[Opening Material provided section]

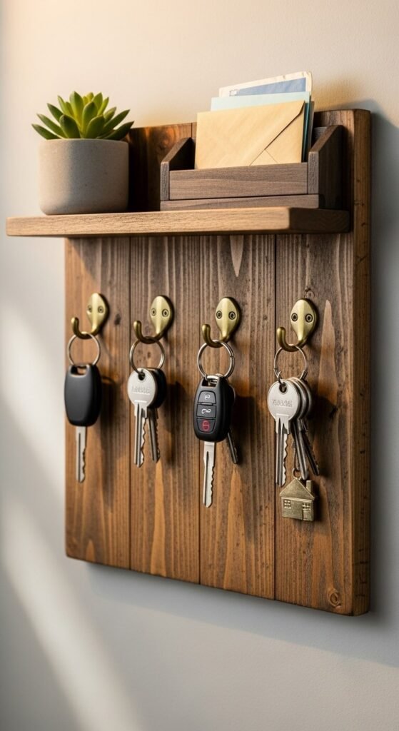 Label each hook with family member names or key types (car, house, garage). Add a small shelf above for wallets and phones. Use chalkboard paint on the board to leave quick notes. Total DIY cost is around $12.
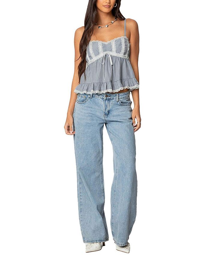Топ Babydoll с кружевной отделкой Edikted, серый 6 978₽
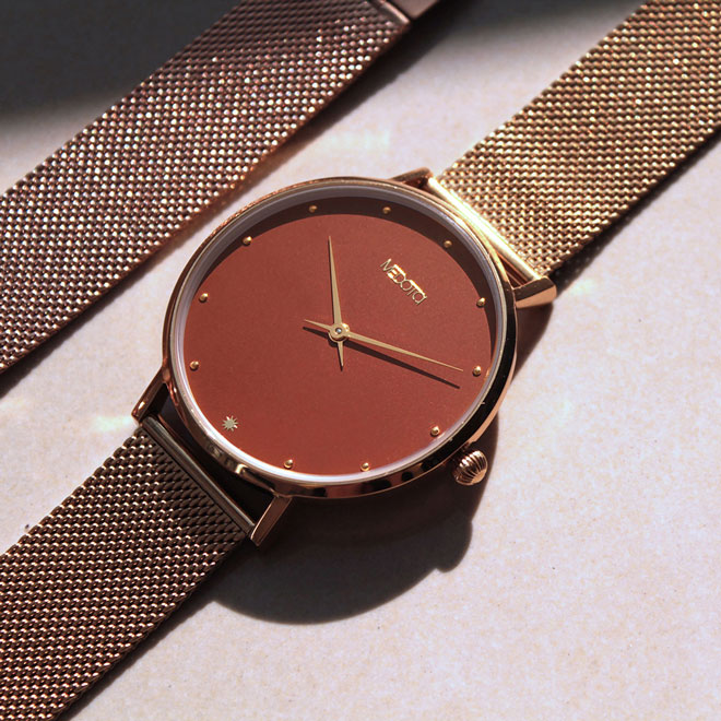 Chica系列是設計師透過簡單的顏色搭配,以最純粹、無過多裝飾的設計展現出不同面貌的女孩,搭配上不鏽鋼錶帶,為整體添上些倔強可愛的氣息
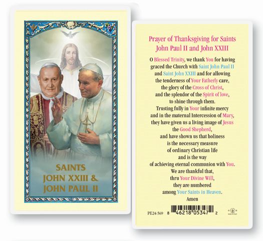 Saints John XXIII and John Paul II Laminated Catholic Card Pack of 25
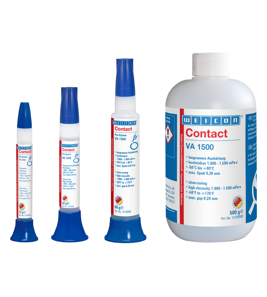 WEICON Contact VA 1500 jest klejem półpłynnym o dłuższym czasie utwardzania. Szczególnie polecany jest do klejenia gumy i tworzyw a także materiałów porowatych i chłonnych, takich jak drewno, korek, skóra i ceramika.
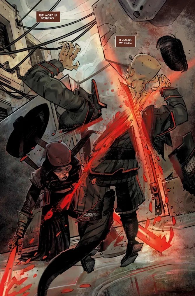 Nowa seria wydawnictwa Titan Comics to opowieść o przeszłości Nemesis – bohaterki granej przez Doonę Bae. Komiks, którego scenariusz napisała Gail Simone, a rysunki stworzył Federico Bertoni, ukazuje się na podstawie opowiadania samego Zacka Snydera. W centrum historii znajdziemy pełną akcji opowieść o zemście, osadzoną w brutalnym świecie rządzonym przez Imperium. Morderstwo rodziny Nemesis staje się punktem zwrotnym, prowadzącym ją ku przemianie w wojowniczkę, którą znamy z filmów.

[Closing Material provided section]

Task goal
Output the entries above verbatim, with no picture included.

Task response
 Label each hook with family member names or key types (car, house, garage). Add a small shelf above for wallets and phones. Use chalkboard paint on the board to leave quick notes. Total DIY cost is around $12.
Топ Babydoll с кружевной отделкой Edikted, серый 6 978₽
 Chica系列是設計師透過簡單的顏色搭配,以最純粹、無過多裝飾的設計展現出不同面貌的女孩,搭配上不鏽鋼錶帶,為整體添上些倔強可愛的氣息
 Saints John XXIII and John Paul II Laminated Catholic Card Pack of 25
 WEICON Contact VA 1500 jest klejem półpłynnym o dłuższym czasie utwardzania. Szczególnie polecany jest do klejenia gumy i tworzyw a także materiałów porowatych i chłonnych, takich jak drewno, korek, skóra i ceramika.
 Nowa seria wydawnictwa Titan Comics to opowieść o przeszłości Nemesis – bohaterki granej przez Doonę Bae. Komiks, którego scenariusz napisała Gail Simone, a rysunki stworzył Federico Bertoni, ukazuje się na podstawie opowiadania samego Zacka Snydera. W centrum historii znajdziemy pełną akcji opowieść o zemście, osadzoną w brutalnym świecie rządzonym przez Imperium. Morderstwo rodziny Nemesis staje się punktem zwrotnym, prowadzącym ją ku przemianie w wojowniczkę, którą znamy z filmów.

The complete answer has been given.